Monday, April 28, 2014

Patience.

Patience....ugh, not something that I seem to have when it comes to getting healthy or at least the weight loss part of it.   I eat really well and hit the gym and seem to think I should see a huge difference in me.  We can all guess what happens next when I do that body inspection in front the mirror...no change!  Really, how can this happen?  I sweated and made my muscles hurt shouldn't I see something?  Shouldn't there be more shape in my legs or my belly definitely should be flatter because I hold my core posture whenever I'm on the elliptical or tread mill. 

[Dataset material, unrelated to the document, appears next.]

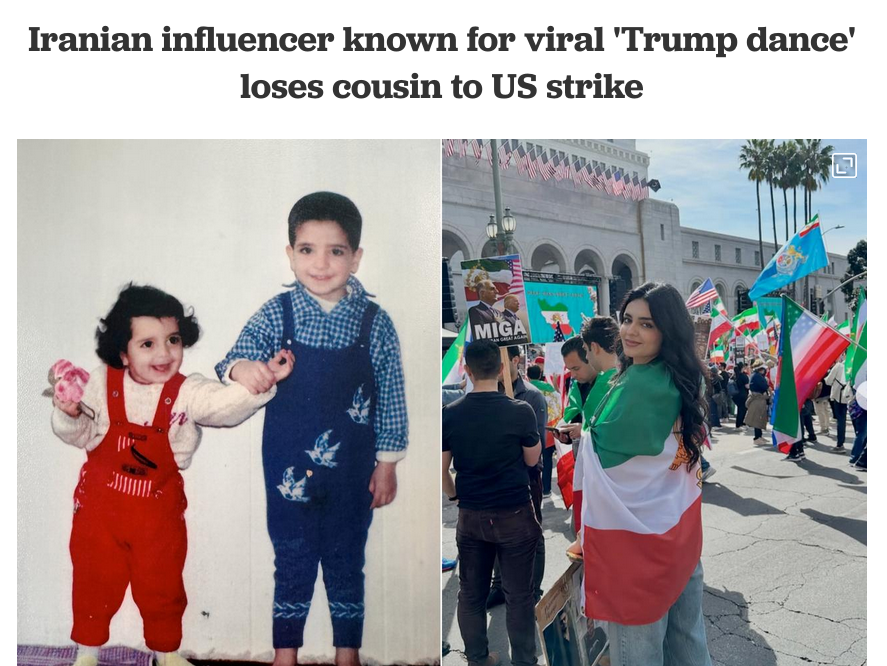 >>531852667meanwhile persian zoomettes are celebrating their brothers and cousins getting slaughtered by big american bombshttps://www.yahoo.com/news/articles/iranian-influencer-moon-rahimi-responds-163457460.html>An Iranian influencer, Mooné Rahimi, who posted a video on social media performing a “Trump dance” earlier this month, celebrating U.S.-Israel airstrikes on Iran that began on February 28th, has revealed her cousin has passed away.>Recently, Rahimi posted on social media a childhood picture of herself and her cousin, who died last week in the Iran war. In an emotional post, Rahimi blamed Iran’s ruling government for the death of her cousin and other people who died in the Iran-U.S. conflict.>“This is me on the left with my beloved cousin whom I lost last week. He would be alive if there was no Islamic regime, “Rahimi wrote on social media. “I’m writing this with tearful eyes.”>She further stated that thousands of innocent people, including children and pregnant women, died in the Iran-U.S. conflict.>The post followed renewed attention from the account Clash Report, which stated that Rahimi, who had supported airstrikes on Iran, now says her cousin was killed in the war.>However, Rahimi pushed back strongly against that characterization, disputing both the framing of the conflict and her stance. She continues to support the U.S. strikes even after the death of her family member.>“Where I said ‘in the war’? I always emphasize that this is not a war; this is a rescue mission,” she wrote.brvtal blackpill, we could nuke tehran and kill every single iranian cuckhold and persian zoomettes will justify it for a chance to bounce their pussys and assholes on mutt cock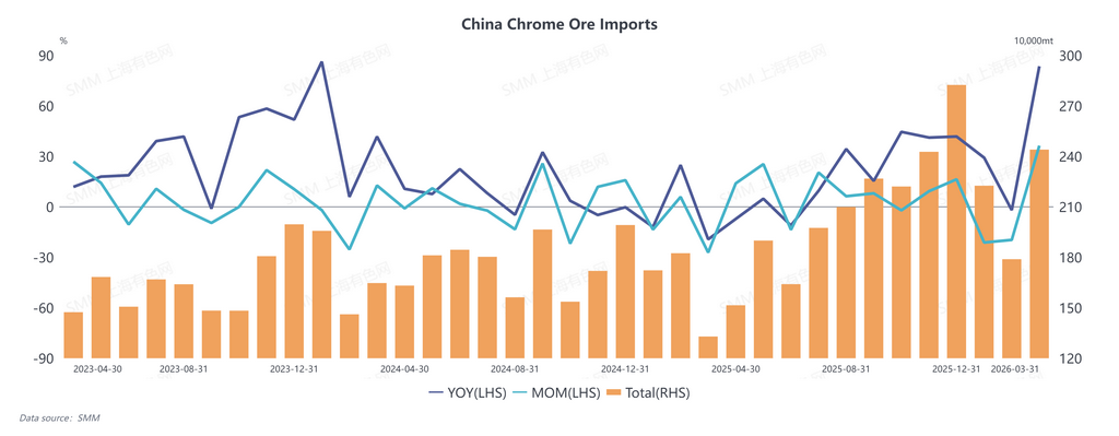 По данным таможенной статистики Китая, общий объём импорта хромовой руды в Китай в марте 2026 года составил 2,4402 млн тонн, увеличившись на 36,42% по сравнению с предыдущим месяцем и на 83,58% в годовом исчислении. Из общего объёма импорт из Южной Африки составил 1,966 млн тонн, увеличившись на 36,79% к предыдущему месяцу и на 97,05% в годовом исчислении; импорт из Турции — 101 600 тонн, снизившись на 5,15% к предыдущему месяцу, но увеличившись на 77,67% в годовом исчислении; импорт из Зимбабве составил 169 100 тонн, снизившись на 3,6% к предыдущему месяцу и на 10,14% в годовом исчислении.

Self sabotage my friends, just another form of it.  I am amazed at how quickly I have allowed myself to jump to these conclusions.  I know better, but that voice that is so afraid of coming out of the box and breaking through always manages to find her way into my brain space.  I know I have the ability to jump in and commit and get the job done.  I quit smoking almost five years ago, a two pack a day smoker who was seriously addicted. (would love to blame that 40 pound weight gain on that, cant)

Am I now addicted to being fat?  I had to sit down and seriously think about this.  No I am not addicted to being fat, I'm just really comfortable there.  It's really easy to be the funny energetic fat lady.  Am I totally happy there?  No I am not.  I am afraid to leave there on some levels and to be totally honest I'm not really sure why.  I guess that is why I am on this journey.

I have done so well on not emotional eating.  This is a huge success for me.  The change, allow yourself to be happy even through your struggles.  I am acknowledging to myself that happy is good and ok, wonderful and exciting.  Your journey doesn't have to be some brutal break down of everything for your journey to be a success.  There will be break downs and breakthroughs of all sizes.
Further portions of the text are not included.